All models are inaccurate for forecasts 16 through 22 weeks ahead. This can be attributed to the fluctuations in the interest rate from March to May 2002 (from 5.37 to 7.22%).

It is of primary importance to develop a model to forecast at least the direction in which the interest rates are likely to move. The study further says that a parsimonious multivariate model based on various macroeconomic variables culled from the literature outperforms a naïve univariate model. An accurate model can tell the banks about the future expected inflows and outflows during each of the time periods and hence ensure a proper match between the same.

Dua, Raje and Sahoo had developed both VECM as well as VAR models for the prediction of interest rates and find that VAR models outperform VECM models.

6. Conclusion

Treasury Bills are issued by GoI and traded at RBI which acts as exchange terminal. As T-bills are government backed securities, they are the safest instruments for organisations to park their surplus money for a very short term.

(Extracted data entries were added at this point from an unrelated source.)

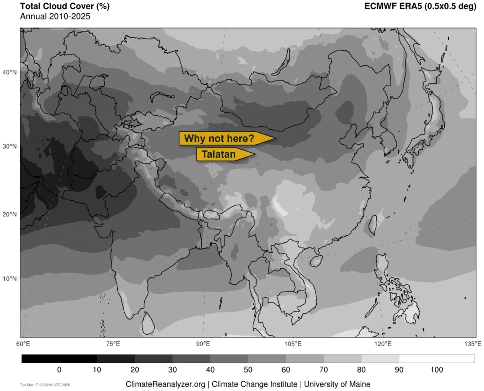 Cloud cover role needs no explanation, but below is the map of average annual cloud cover over China. Darker areas mean prevailing clear skies. As we can see, Talatan is under skies that have ~40% cloud cover, but there would be even clearer skies up north towards Mongolia. This is the first time I thought why not build there.
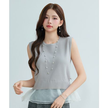 身頃部分がニット編み、裾周りにオーガンジーがドッキングされたデザインです。涼しげな印象を与えながらトレンド感をプラスします。
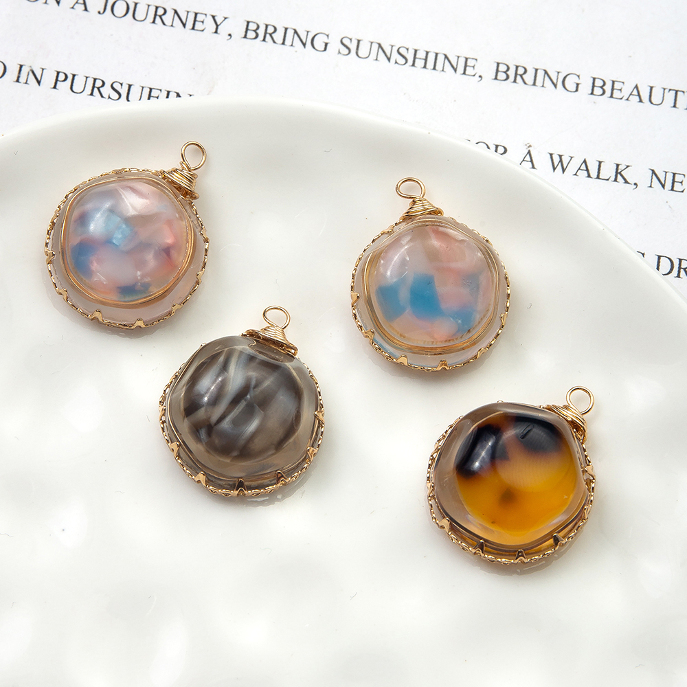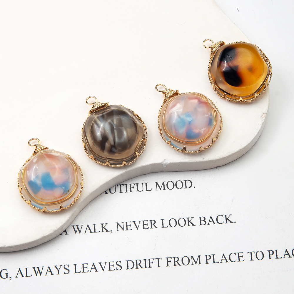 Bijoux Pendentif en résine, avec laiton, Rond, DIY, plus de couleurs à choisir, 21.5x10.3x27.1mm, Vendu par PC
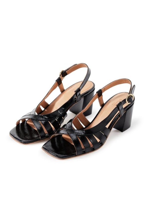 Dévoilez vos pieds dans les sandales à talons Patience vernis froissé noir avec l’arrivée des beaux jours.
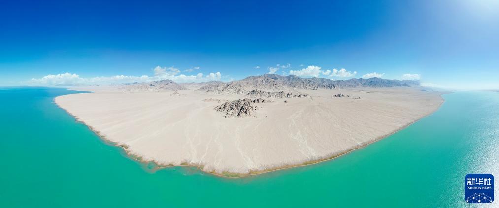 9月11日在阿爾金山國家級自然保護區拍攝的阿雅克庫木湖及周邊群山(無人機全景照片)。
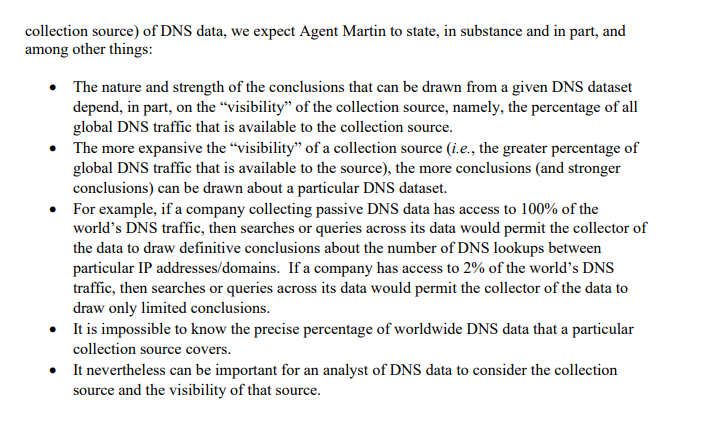 3/ But there is a distinct difference b/w explaining what conclusions CANNOT be drawn from DNS data and calling into question Sussmann's data. Will the court agree though?
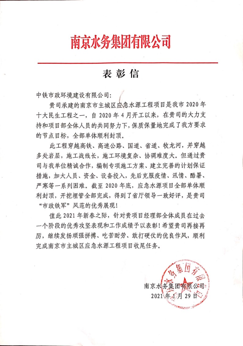 自2020年4月开工以来,南京市主城区应急水源工程项目保质保量完成节点目标,全部单体顺利封顶,开挖埋管全部完成。该工程施工战线长,施工环境复杂、协调难度大,项目部精心编制专项施工方案、建立完善的计划保证措施,从人员、资金、设备等角度加大投入力度,保证施工进度。该工程在为当地民生事业发展送去便利的同时,也良好地展现了“市政铁军”顽强拼搏、吃苦耐劳的精神面貌。为此,南京水务乐竞体育是靠谱吗有限公司发来表彰信。
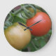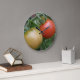 This awesome clock features a photograph of an orange and a red cherry tomato growing on a tomato plant in a suburban garden. The photograph was taken using macro photography for a detailed result.
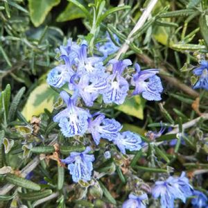 今日のお花、ローズマリー❣️ 陽のあたる場所はお花が沢山咲いたけれど、そろそろお終いかな❓ 新芽はイキイキと延びてます✨ ローズマリーはいい香り💕
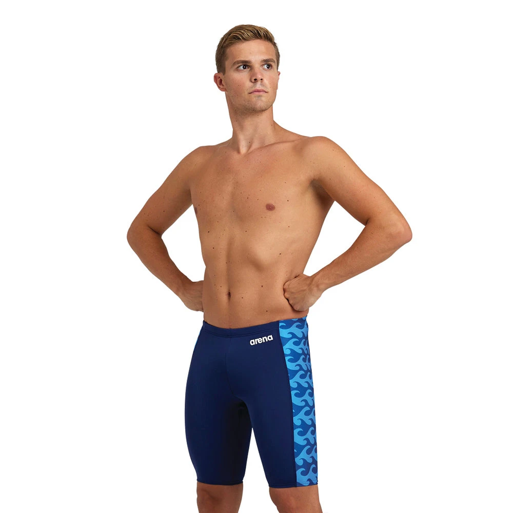 The Arena Ride The Wave Jammer is designed with all the features and comfort you need to achieve peak performance. Made with MaxLife Eco, this sustainable fabric provides maximum resistance to chlorinated water, superior durability, quick drying, and 50+ UV protection. The 17.7 in outseam is complemented with a comfortable front lining and an adjustable drawstring to ensure a perfect fit. Made from 50% recycled PET bottles, this jammer reduces CO2 and saves water.
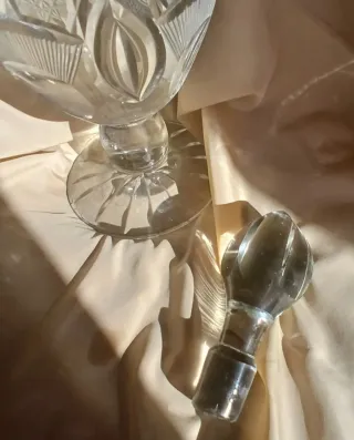 Vintage: Botella licorera de cristal tallado a mano con tapón de cristal en perfecto estado. Esta elegante botella licorera de cristal tallado és una pieza decorativa única. Es para mi un placer compartir con vosotros estas piezas tan bonitas que se merecen tener una nueva oportunidad de uso. Muchas gracias por vuestro interés. Medidas: diámetro 13 cm, alt. 40 cm Esta pieza és una auténtica maravilla y esta en muy buenas condiciones.
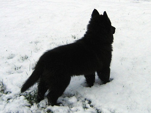 I'm very excited about how gorgeous he is turning out. He has the most beautiful conformation I've seen in a puppy...Though I may be biased.Everyone who sees him comments on how unlike a puppy he is -- in fact, alot of people think he's an adult dog. He doesn't have the "puppy clumsies." He moves like his mother...smoothly, effortlessly, very light on his feet. He is so graceful. I take him for walks just so I can watch him move. I can't wait until he's old enough to show!
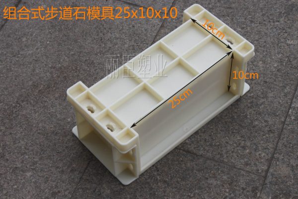 其塑料模具本身的規(guī)格的25x10x10cm,而堵在模具兩邊的堵頭規(guī)格為10x10cm。這樣的設(shè)計主要是對于步道石模具在澆筑成型后脫模過程中較為便利,只需將固定組步道石模具的鎖扣進(jìn)行拆除后,便能較為便利的進(jìn)行模具的脫模,所以麗臣在對著款模具上取名為組合式步道石模具。

In India T-Bills are auctioned at primary markets and traded in secondary markets. The most popular and liquid T-bills in India are 91-day and 364-day T-bills. ARIMA, ARCH and GARCH are the univariate models while VAR, BVAR, LVAR and VECM are the multivariate models available for forecasting of interest rates for 15-91 days T-bills over short term and long term. Of these LVAR is the most accurate model.

Inflation rate (year-on-year), bank rate, yield spread, liquidity, foreign interest rate (3- months Libor), and forward premium (3-months) are the variables used in multivariate models for forecasting of interest rates. In addition to these some other variables which significantly affect the interest rates are spot oil prices, BSE index value, money supply and real forex rate.